In May 2011, the FASB issued ASU No. 2011-04, Fair Value Measurement (Topic 820): Amendments to Achieve Common Fair Value Measurement and Disclosure Requirements in U.S. GAAP and IFRSs. This ASU represents the converged guidance of the FASB and the IASB (the Boards) on fair value measurement. The collective efforts of the Boards and their staffs, reflected in ASU 2011-04, have resulted in common requirements for measuring fair value and for disclosing information about fair value measurements, including a consistent meaning of the term “fair value.” The Boards have concluded the common requirements will result in greater comparability of fair value measurements presented and disclosed in financial statements prepared in accordance with U.S. GAAP and IFRSs. The amendments to the FASB Accounting Standards Codification (Codification) in this ASU are to be applied prospectively. For public entities, the amendments are effective during interim and annual periods beginning after December 15, 2011. Early application by public entities is not permitted. The Company is currently assessing the impact of this update on its consolidated financial statements.

(u) Fair Value of Financial Instruments

The fair value of a financial instrument is the amount at which the instrument could be exchanged in a current transaction between willing parties.
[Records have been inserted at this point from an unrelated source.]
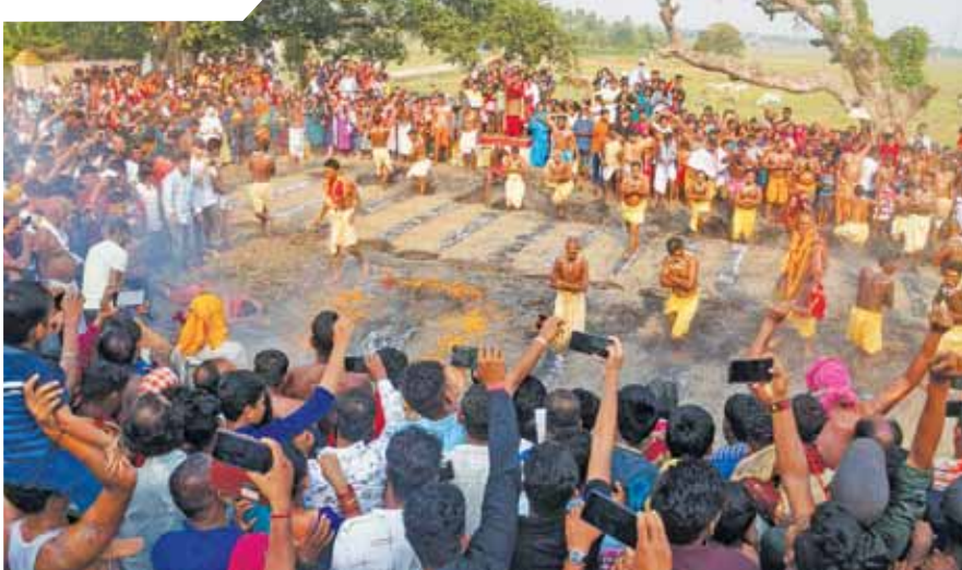
Devotees walk on burning coals on the occasion of Pana Sankranti festival in Khorha, Odisha
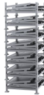
STACKED 7 HIGH FOR TRUCK SHIPMENT
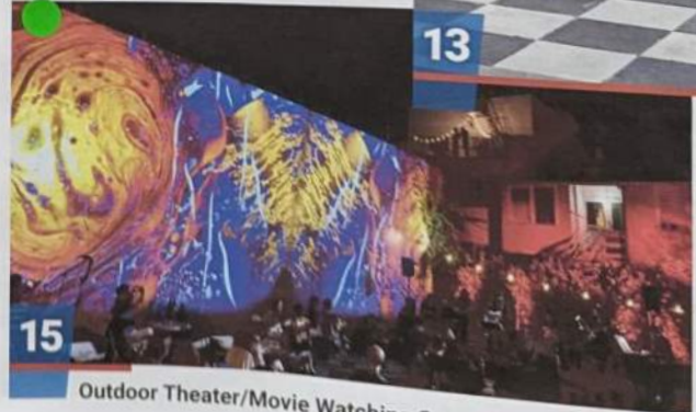
15 Outdoor Theater/Movie Watching Space
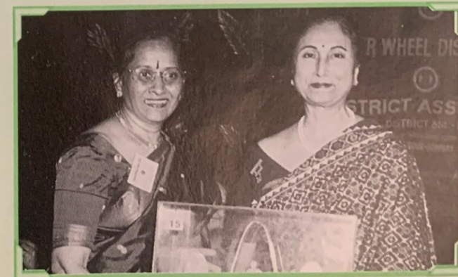
Jayaben Himmatlal Khira Trophy for Rural Work. We had a multi-project day at Maswan besides 3 Drinking Water projects
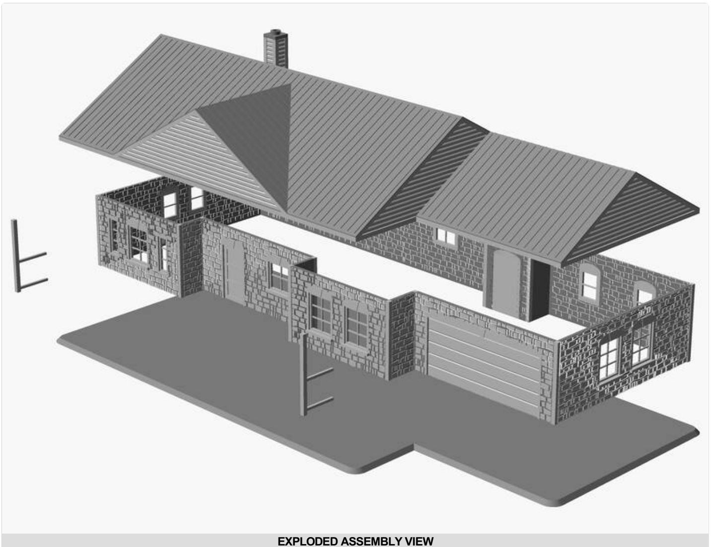
EXPLODED ASSEMBLY VIEW
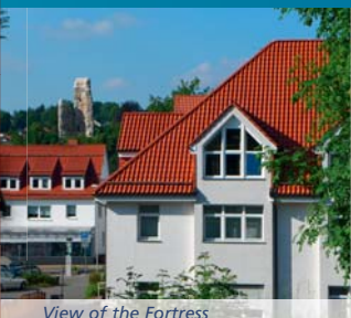
View of the Fortress

Originally the „Alte Burg“ (“Old Fortress“) served to defend the crossing point over the Söse stream and the adjacent market settlement. Since its first documented mention in the 12 th century it was in Welp possession. In the 14 th /15 th centuries it was therewith also the seat of the dukes who reigned over the principality of Grubenhagen and then, finally, it was the widows' residence. The last resident at the beginning of the 16 th century was ELISABETH VON WALDECK (about 1455–1513), widow of ALBRECHT II., Duke of Brunswick-Lüneburg, who until his death was the ruling Prince of Brunswick-Grubenhagen. Deterioration of the ground upon which it was erected most probably forced the abandonment of the fortress. Remaining in a half-cylinder form is the original five-story Romanesque residential tower. The still mighty structure stands today in the midst of the town cemetery. The tower with a base diameter of
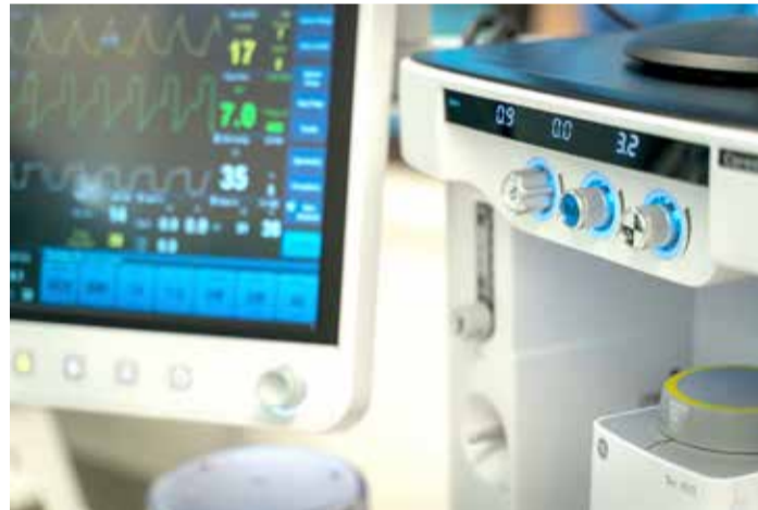
An anesthetic machine located in the operating room

The decision outlines that devices and products registered in
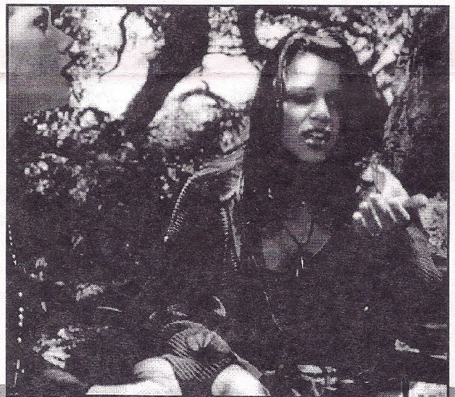
A scene from Columbia Pictures' THE CRAFT.
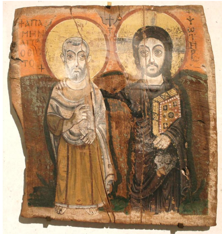
Icon of Christ and St. Menas (6-7 th C.). Coptic. Discovered in Bawit, Egypt. Wax paint on wood. Louvre Museum. Public Domain. Source: Wikicommons.
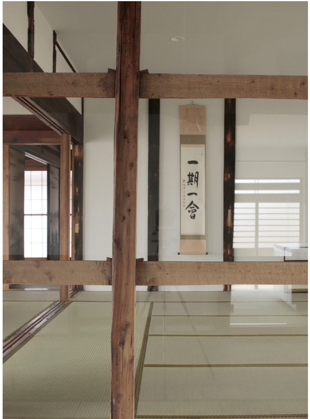
Makoto Yamaguchi Design Inc.
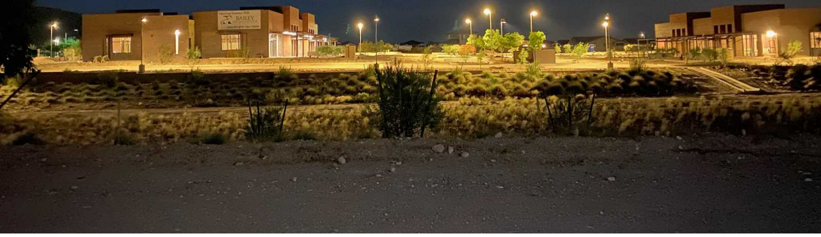
4161 N. Pioneer Drive
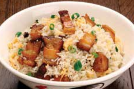
F6 Crispy Pork Fried Rice 燒肉炒飯 $21.00
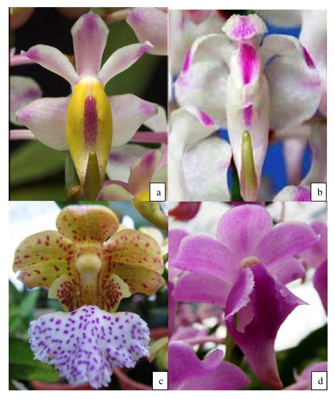
Figure 1. Flowers of (a) Aerides odorata var.'Yellow' (b) Aerides odorata (c) A. flabellata (d) A. quinquevulnera var. calayana.

Table 1. Successful and unsuccessful crosses between A. odorata , A. odorata var.'Yellow', A. quinquevulnera var. calayana , and A. flabellata .
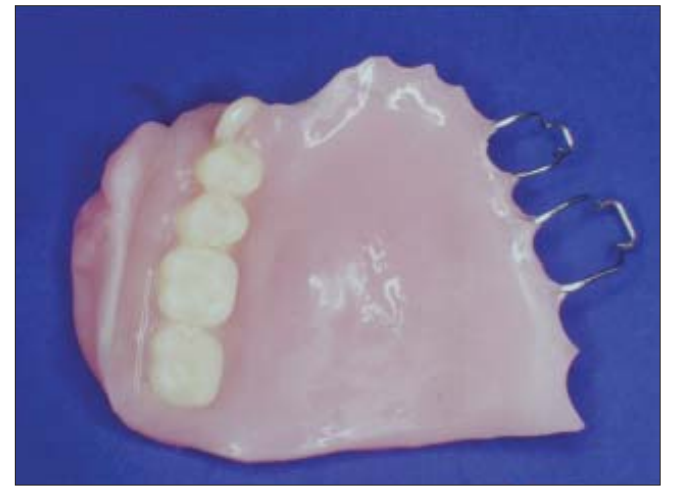
Figure 3: Partial maxillary denture

of right eye at a district hospital by an ENT surgeon. Patient was a known diabetic since the last 12 years taking insulin for control of diabetes mellitus. Following an episode of diabetic ketoacidosis, he developed rapidly spreading naso-orbital mycosis and gangrene necessitating emergency maxillectomy and evisceration of an eye.
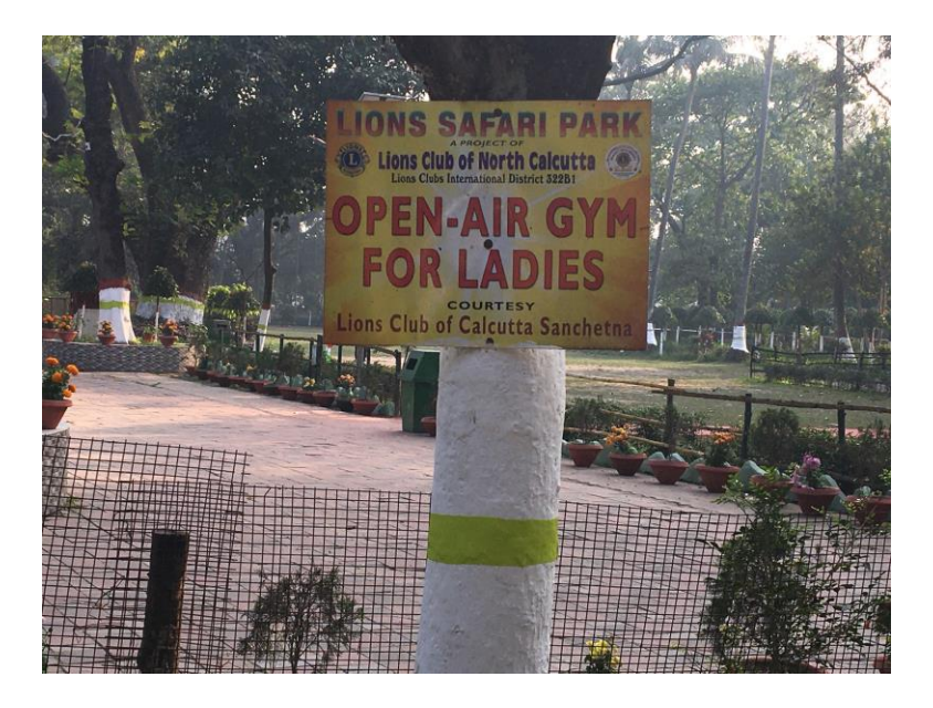
Figure 5: The idea of the gym is really taking off in India, as part of a global trend emphasizing personal responsibility for keeping the body fit.

successful aging ideologies were being taken up in India, shaped and inflected by local cultural and political contexts. So, I was indeed struck by all the talk of "active" and "healthy" aging around me in India, evident in everyday conversations, news media, the health sections of women's magazines, and new groups like Healthy Aging India. Kolkata's parks in the early mornings and late afternoons were filled with older people walking, some also meditating, practicing yoga, and congregating on benches with their mostly gender-segregated peers, sporting white sneakers or Nikes and Adidas running shoes, as signs of their active lifestyles. Several women told me proudly how they were able to take control of their health and prediabetes by walking two kilometers daily around their apartment complex's inner courtyard, or by taking a brisk morning walk around the whole village each dawn. Several emphasized, using the English term "active" even when speaking in Bengali, that good health in old age depends on staying "active," or that if you don't stay "active," your health will not be good. At the same time, when I would tell Kolkatans about my interest in older people and exercise, or that I had heard of a neighbourhood gym catering to seniors, several laughed and said, "I don't think working out for seniors is a very Bengali idea."
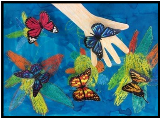
Butterfly art work by Room 6
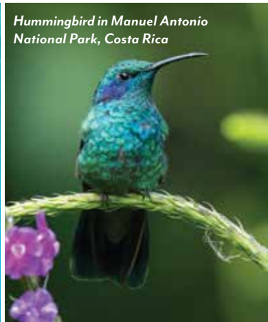
Hummingbird in Manuel Antonio National Park, Costa Rica
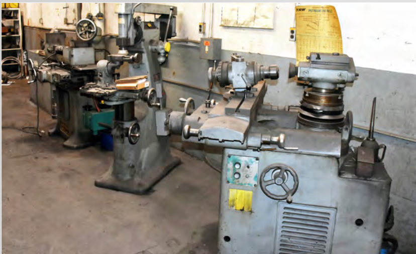
VIEW OF GRINDING AREA
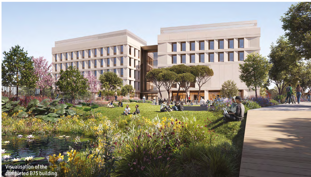
Visualisation of the completed B75 building.

"For the two blocks that need to have column-free floorplates, steelwork was the most-efficient method of construction, while the use of precast planks provided a quick installation programme - alongside the steel - and gave us the required acoustics."
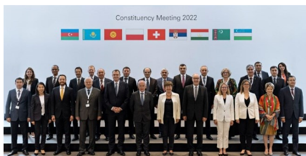
Participants at the Constituency meeting in Bad Ragaz, 4 July 2022

At Switzerland's invitation, a meeting of the members of the Swiss constituency in the Bretton Woods institutions, i.e. International Monetary Fund and World Bank, took place in Bad Ragaz (canton of St. Gallen) on 4 July 2022.
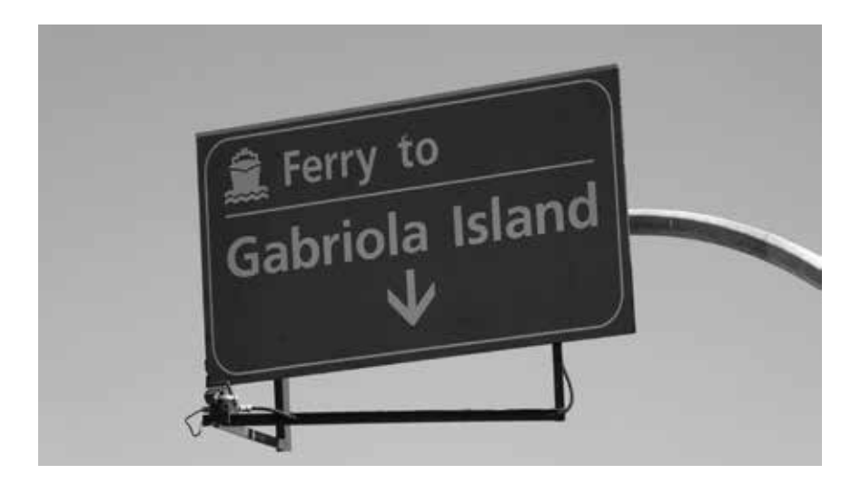
FIGURE 13.1: The 'October Ferry' manuscripts [...] show [Lowry] as a romantic who tried to express, through the magic of language, his glimpses of immortality.
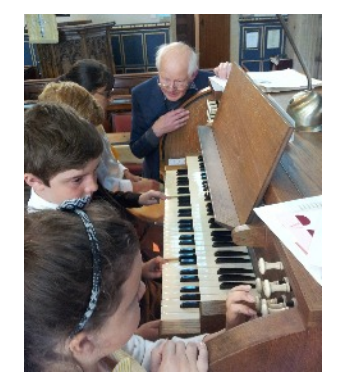
Pupils explore the console

are reproduced by kind permission of the Old Vicarage School. One group went to the Walter Evans Room to investigate a specially designed mini-organ, with three stops and an octave of notes, where you can see the mechanism - the children took it in turns to operate the hand-pump and play the keys. Meanwhile another aroup in the link-corridor experimented with a pedal-board, with a lower bench for short leas. A third group was treated to a slide show in the chancel about organs, while a fourth in the crossaisle had a go at designing the layout of pipes in an organ case and decorating the pipes. Finally, they could try the actual church organ itself, under careful supervision!
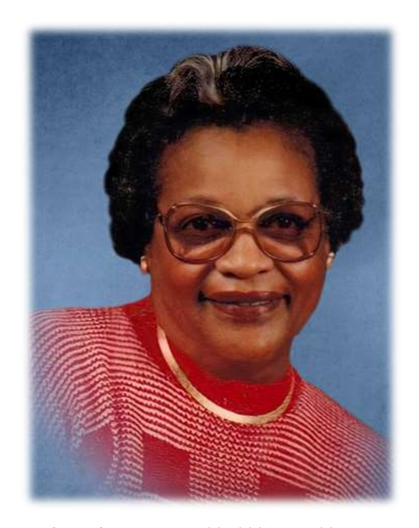
Saturday, January 23, 2021 at 1:00 p.m. Living Water Ministry Troutman, North Carolina
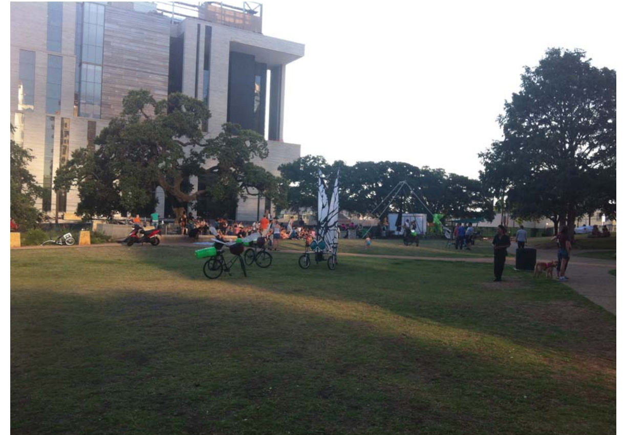
The Park hosts a wide range of events throughout the year.
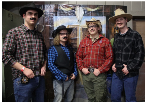
during Spring Shindig 2019, Wild Wild West!
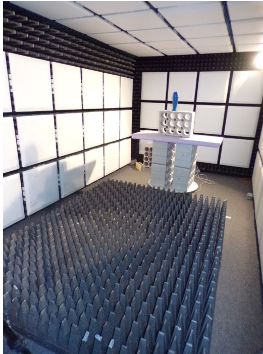
Radiated emissions 1GHz-25GHz (Equipment 150cm above floor in FAC)

Note: Three orthogonal axis measurements on EUT are performed to obtain the maximum peak field strength, with a 60° rotation on each axis. (Clause 6.6.5 of ANSI C63.10).
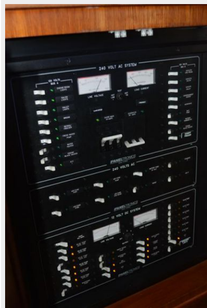
Paneltronics custom AC/DC electrical panel
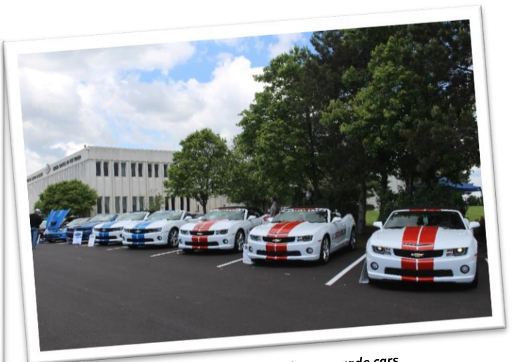
An amazing row of 5 th gen parade cars.
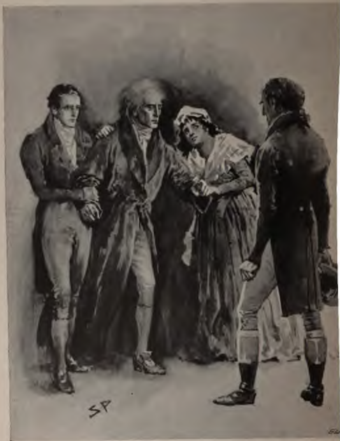
Lord Avon staggered forward.
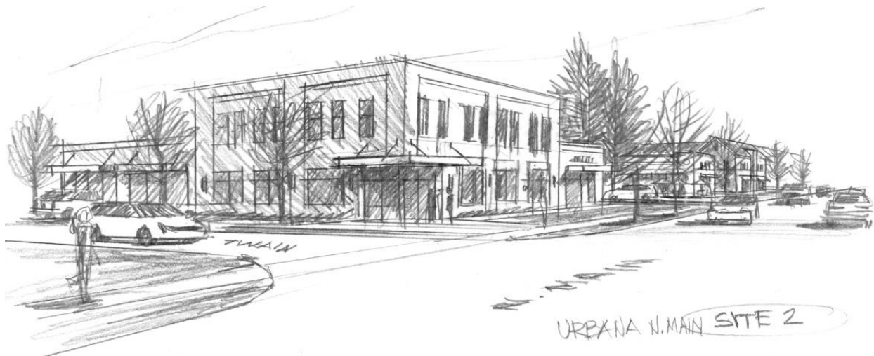
Figure 6: Site B Visionary Rendering

For the second site (Site B), located at the northwest corner of Main Street and W Twain Avenue, stakeholders and residents felt generally positive about the visionary rendering (Figure 6 below), with some comments stating that it is preferred the most out of the three. Further comments address the opportunity of the site, and prefer the building's closer proximity to the street, as well as the landscaping and sidewalk implementation. They also felt that this site was the best for multifamily dwellings such as townhouses or row housing, or as a mixed-use development.
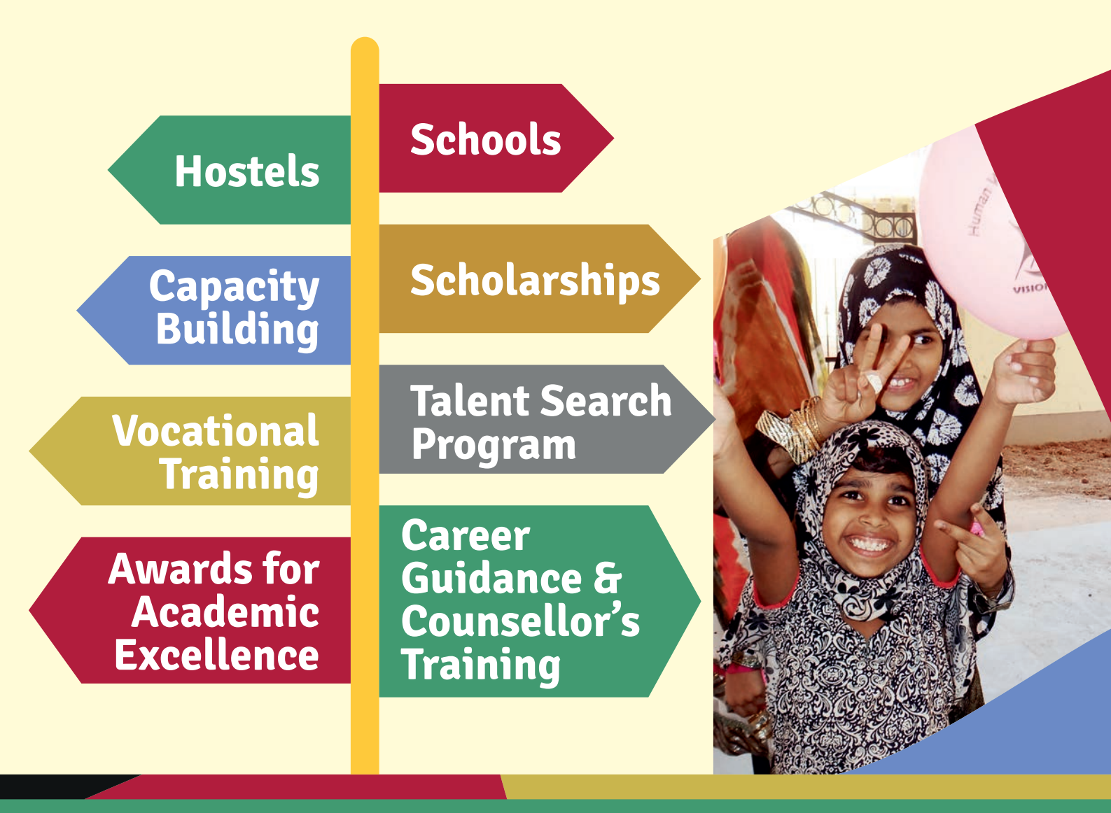
Over 8418 12 CHII DRFN benefited from Construction of 12 Schools, including 4 Scholar Schools directly under the aegis of HUMAN WELFARE FOUNDATION
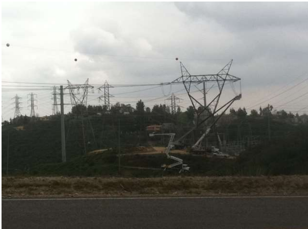
Figure 2: Wire stringing operations at Construct 67 and Gould Substation, Segment 11C.
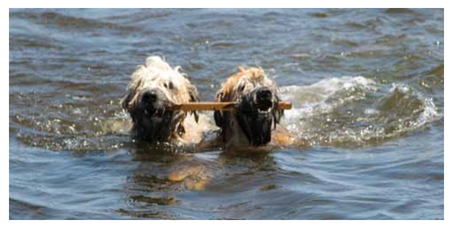
© 2012 All Rights Reserved, Soft-Coated Wheaten Terrier Association of Canada

Soft-Coated Wheaten Terriers are happy, quick-witted, lively and affectionate dogs that retain their puppy exuberance and active curiosity throughout their lifetime. They are steady, self-confident and exhibit less aggressiveness than is sometimes associated with other terriers. Training is of the utmost importance if you are to have a Wheaten Terrier that is obedient. They are highly intelligent, eager to please and easily trained if the appropriate methods are used. Harsh treatment may make them stubborn or timid. They respond much better to positive reinforcement than to hard discipline. They are good travellers, adaptable and enjoy life in the country or city. The Wheaten Terrier is a family dog, usually attaching themselves to a family, rather than an individual. They are at their best when they share family life to the fullest. They thrive on human companionship and attention. This is not a backyard type of dog. Wheaten Terriers should be an active part of your family.

Cash and cash equivalents, accounts receivable, security deposits and accounts payable carrying amounts approximate fair value because of the short maturity of these instruments.

(v) Goodwill and Intangible Assets

The changes in the carrying amount of goodwill for the year ended December 31, 2011 are as follows:

     
  Total   Business   Consumer
Balance as of December 31, 2010   $ 24,015     $ 15,991     $ 8,024  
Adjustments to goodwill:
                          
Contingent earnout payments     75       75        
Balance as of December 31, 2011   $ 24,090     $ 16,066     $ 8,024  

The changes in the carrying amount of goodwill for the year ended December 31, 2010 are as follows:

     
  Total   Business   Consumer
Balance as of December 31, 2009   $ 23,920     $ 15,896     $ 8,024  
Adjustments to goodwill:
                          
Contingent earnout payments     95       95        
Balance as of December 31, 2010   $ 24,015     $ 15,991     $ 8,024  

Intangible assets are summarized as follows (see Note 2):

Acquired Intangible Assets

     
  As of December 31, 2011
     Gross
Carrying
Amount
  Weighted
Average
Amortization
Period
  Accumulated
Amortization
Amortizing intangible assets:
                          
Technology   $ 6,199       3.8 years     $ 5,474  
Customer contracts     2,400       3.0 years       2,400  
Trade names     630       3.0 years       630  
Non-compete agreements     410       1.2 years       410  
Patents     475       11.0 years       105  
Other     235       3.0 years       235  
Total   $ 10,349           $ 9,254  
     
  As of December 31, 2010
     Gross
Carrying
Amount
  Weighted
Average
Amortization
Period
  Accumulated
Amortization
Amortizing intangible assets:
                          
Technology   $ 6,199       3.8 years     $ 4,489  
Customer contracts     2,400       3.0 years       2,400  
Trade names     630       3.0 years       630  
Non-compete agreements     410       1.2 years       410  
Patents     475       11.0 years       61  
Other     235       3.0 years       235  
Total   $ 10,349           $ 8,225  

Amortization expense is calculated on a straight-line basis over the estimated useful life of the asset. Aggregate amortization expense for intangible assets was $1,029, $1,486 and $1,973 for the years ended December 31, 2011, 2010 and 2009, respectively. For the years ended December 31, 2011 and 2010, a portion of this amortization is included in cost of revenue. Estimated amortization expense for the next five years is: $306 in 2012, $306 in 2013, $240 in 2014, $43 in 2015, $43 in 2016 and $157 thereafter.